━━━ STORED DATA

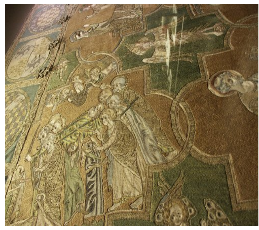
The Syon Cope from the Victoria and Albert Museum

The skeins of silk were separated into single strands complete the work. Using a single strand of thread made technique more timeconsuming, but also allowed for finer details in these smaller pieces.
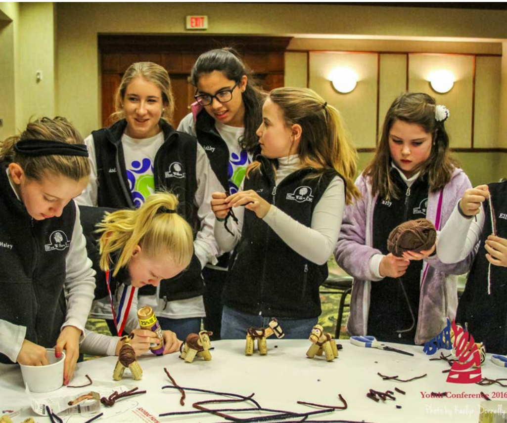
Youth Conference 2016
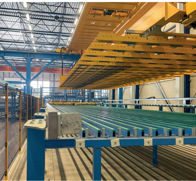
A magnetic crossbeam transports the meshes and cages fully automatically to the next station
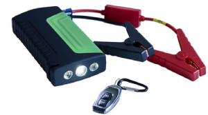
Portable Battery Pack, Jumper Leads and Remote Start

━━━━━━

» **EXERCISE**: The entries above need to be repeated word for word, minus their pictures.

» **FINISHED EXERCISE**:
The Syon Cope from the Victoria and Albert Museum

The skeins of silk were separated into single strands complete the work. Using a single strand of thread made technique more timeconsuming, but also allowed for finer details in these smaller pieces.
Youth Conference 2016
A magnetic crossbeam transports the meshes and cages fully automatically to the next station
Portable Battery Pack, Jumper Leads and Remote Start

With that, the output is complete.